Scénariste et réalisateur du film, Zach Braff y interprète également le personnage principal, Andrew Largeman. Ce dernier revient dans sa ville natale pour l’enterrement de sa mère. C’est l’occasion pour lui de retrouver d’anciens camarades, de renouer avec son père et avec son passé, et surtout de faire la connaissance de Sam, une jeune fille espiègle et pleine de vie. Braff développe ici une originalité certaine ainsi qu’un humour efficace, mais sans parvenir à éviter certains pièges. L’ensemble s’avère donc plaisant, mais inégal.
Dans sa forme, Garden State est un film qui cultive plusieurs influences et hésite entre divers styles : la comédie, la comédie dramatique, sans oublier le cinéma indépendant. Doit-on y voir le tâtonnement du premier film ou une réelle volonté de mélange des genres ? Toujours est-il qu’au bout du compte, c’est la comédie qui prime, parfois teintée d’humour noir. Le personnage d’Andrew est un déprimé chronique responsable du handicap de sa mère. En tant qu’acteur, son rôle le plus remarqué fut celui d’un joueur de football mentalement attardé. Autant de situations qui, sous la plume de Zach Braff, penchent du côté de la comédie. Et c’est là le principal atout du film : créer des situations où se distille un humour parfois grinçant.
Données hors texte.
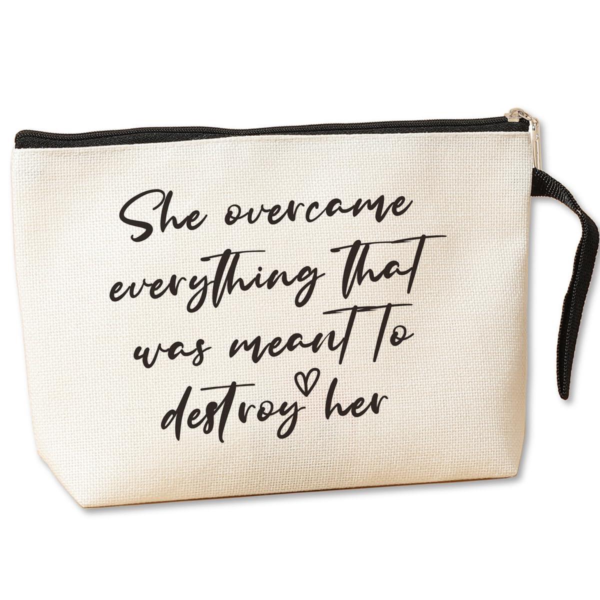 - Material: Durable and Soft Polyester material. Zippered Makeup Bag with quote and beautiful print on the surface.

Quand Braff joue la carte du décalage, il joue à quitte ou double. Un exemple de réussite est sans doute celui de l’enterrement de la mère. En cet instant solennel, une voix de crécelle s’élève : c’est une parente de la défunte qui lui rend un dernier hommage en interprétant une chanson de Lionel Richie. La caméra qui cadrait jusqu’alors l’assemblée en plan d’ensemble se rapproche de la chanteuse : ses joues maculées de larmes noires de maquillage et son expression dramatisante ne peuvent que provoquer le rire du spectateur. Dans d’autres cas la recette fonctionne un peu moins bien. Quand Andrew est réveillé par des bruits de ferraille, et qu’il découvre un individu en armure moyenâgeuse en train de prendre son petit-déjeuner, le contraste est d’abord drôle et réjouissant. Mais à bien y regarder, l’ajout de cet élément incongru est finalement un peu facile (l’armure n’est autre que la tenue de travail de l’individu en question). Andrew croisera d’autres personnages bizarres, comme l’ancien camarade devenu policier, ou celui qui vit seul dans un immense château. Autant d’exemples qui nous rappellent que l’art du décalage est délicat, et que la frontière entre le rire et le ridicule est parfois très mince.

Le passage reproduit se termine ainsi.